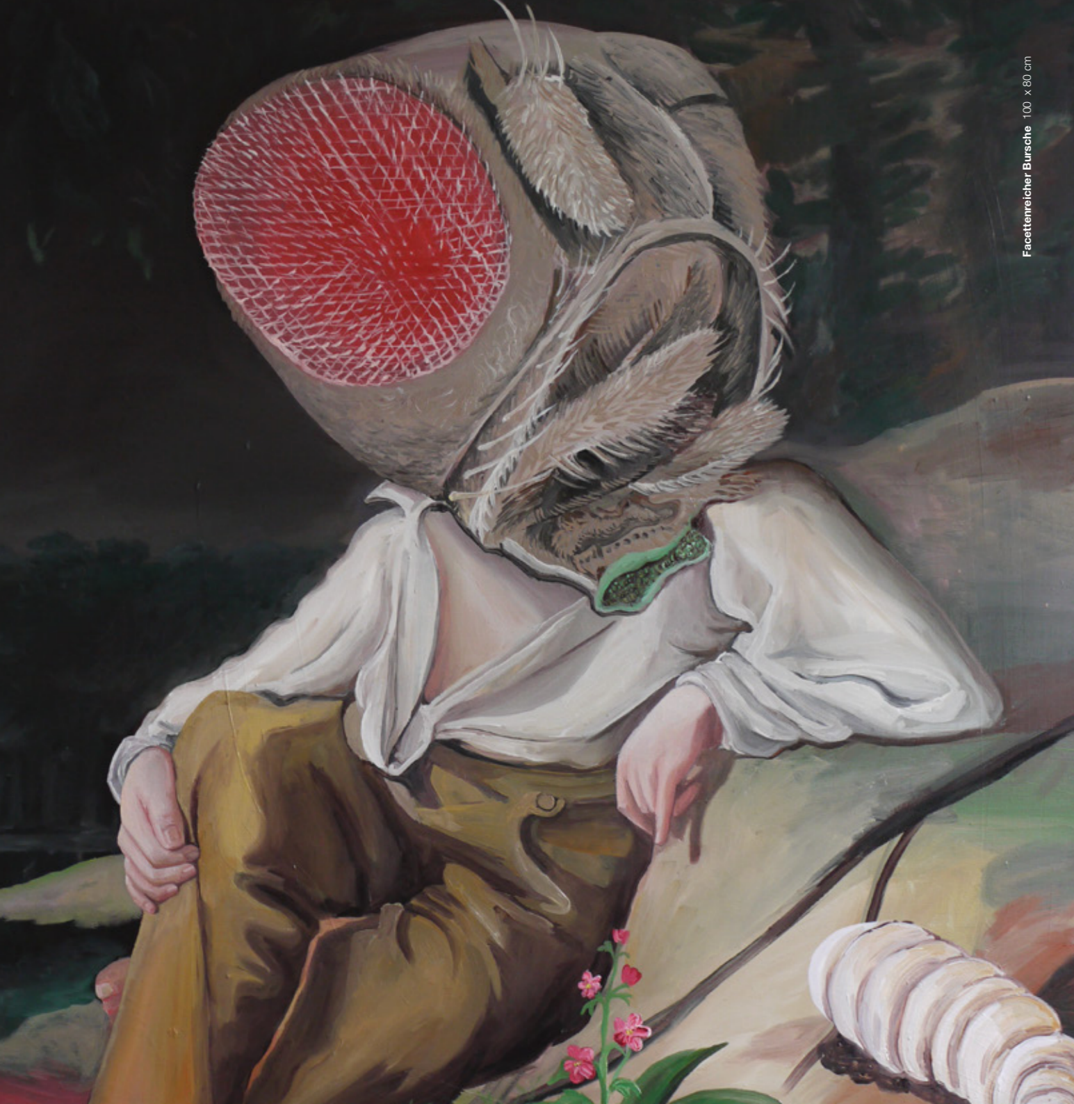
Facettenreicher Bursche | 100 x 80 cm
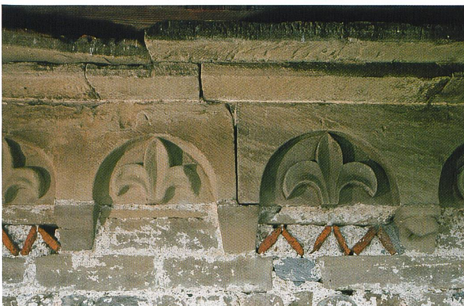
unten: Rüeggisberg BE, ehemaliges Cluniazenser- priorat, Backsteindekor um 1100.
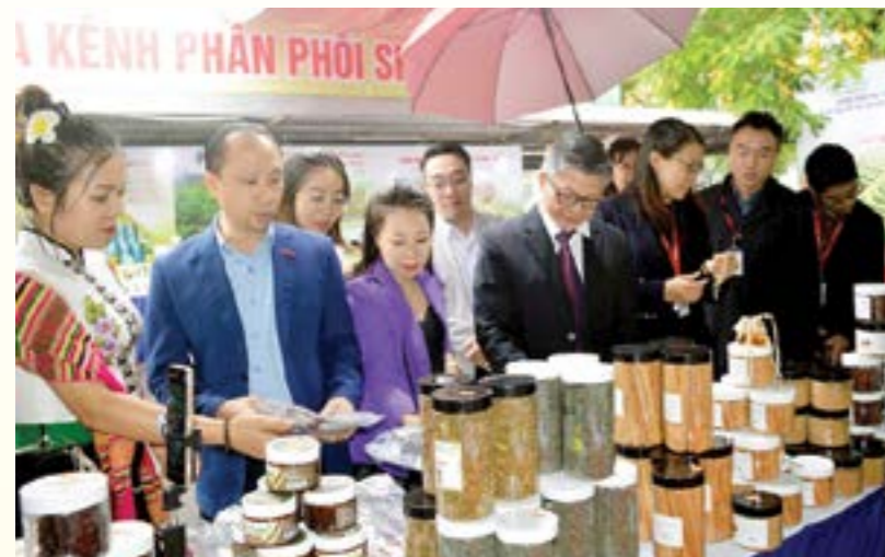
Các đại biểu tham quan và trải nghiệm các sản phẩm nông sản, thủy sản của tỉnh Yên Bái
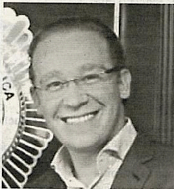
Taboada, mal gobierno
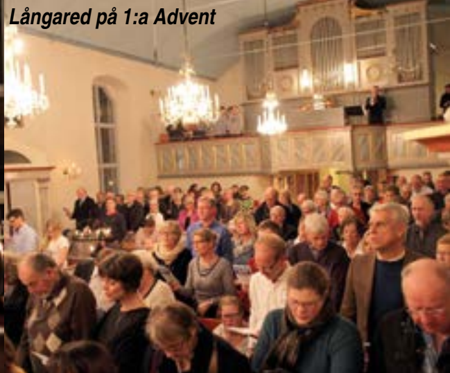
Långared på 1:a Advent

__________

WHAT TO WORK ON. Starting with the line that contains "unten: Rüeggisberg BE, ehemaliges", copy every line word for word through the end of the listing above, but leave out the pictures.

RESPONSE BOX.
unten: Rüeggisberg BE, ehemaliges Cluniazenser- priorat, Backsteindekor um 1100.
Các đại biểu tham quan và trải nghiệm các sản phẩm nông sản, thủy sản của tỉnh Yên Bái
Taboada, mal gobierno
Långared på 1:a Advent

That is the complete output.